Sources: Virginia Tech to Hire James Franklin As Next Head Football Coach

Virginia Tech is finalizing an agreement to hire James Franklin as the school’s new head football coach, sources tell Sports Illustrated.
Franklin will replace Brent Pry, who was fired by the Hokies in September after three-plus seasons in Blacksburg. Pry worked under Franklin at both Vanderbilt and Penn State prior to taking over the head coaching role at Virginia Tech in 2022.
Virginia Tech is finalizing an agreement to hire James Franklin as its new head football coach, sources tell @SINow
— Mike McDaniel (@MikeMcDanielSI) November 17, 2025
The hiring of Franklin is monumental for Virginia Tech, and was not something the university could have envisioned after letting Pry go in September after an 0–3 start. Franklin, who went 104–45 in his 12 seasons at Penn State, had the Nittany Lions one possession away from playing for a national championship last January.
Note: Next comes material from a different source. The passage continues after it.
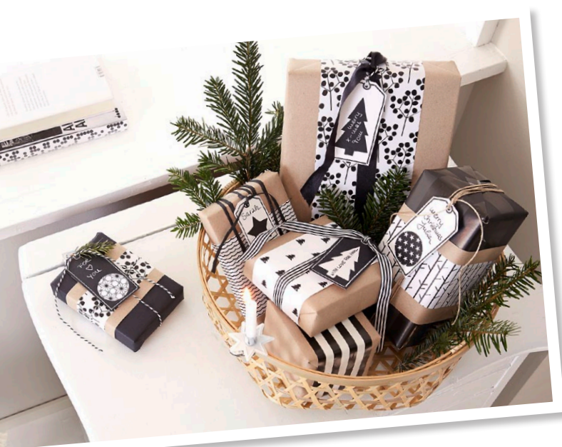
Vorlage auf Seite 2

Penn State fired Franklin in October after a shocking turn of events that saw the Nittany Lions follow up a double-overtime home defeat to No. 6 Oregon with back-to-back losses against UCLA and Northwestern. The 3–3 start that included two losses to Big Ten bottom feeders forced athletic director Pat Kraft’s hand, as he decided to part ways with Franklin and initiate a buyout of nearly $50 million.
Virginia Tech’s search committee reached out to Franklin following his departure from Penn State to gauge his interest in coaching in Blacksburg next season. Talks with Franklin intensified over the last two weeks, sources said, as he quickly ascended to the top of the committee’s list of candidates. In addition to Franklin, Virginia Tech also gauged interest in the job with James Madison’s Bob Chesney, Tulane’s Jon Sumrall, and Minnesota’s P.J. Fleck, among others, in a wide-ranging search.
Franklin compiled six seasons of 10 wins or more at Penn State, with 2024’s trip to the College Football Playoff semifinal serving as the high water mark in the coach’s tenure in Happy Valley. But his 4–21 record against AP top 10 teams and 2–21 mark against teams ranked in the top six turned into the predominant narrative around his time at Penn State – especially towards the end.
Despite his struggles against the nation’s elite, Franklin’s arrival in Blacksburg will be a coup for the Hokies. Virginia Tech has largely struggled to replicate the success that the program saw during the two-plus decade Frank Beamer era in the years following his retirement.
Virginia Tech only has one 10-win season since Beamer retired following the 2015 campaign, and it came in 2016 with Justin Fuente when the Hokies went 10–4 and won the Belk Bowl. Since then, the program has only won more than eight games once (in 2019), and has found itself barely scraping its way to bowl eligibility.
Franklin’s impending arrival puts an exclamation point on the commitment put forth by Virginia Tech’s Board of Visitors, which approved a plan to infuse $229 million into the athletics budget, with much of the money going toward improving the football product ahead of the next expected stage of conference realignment in 2030.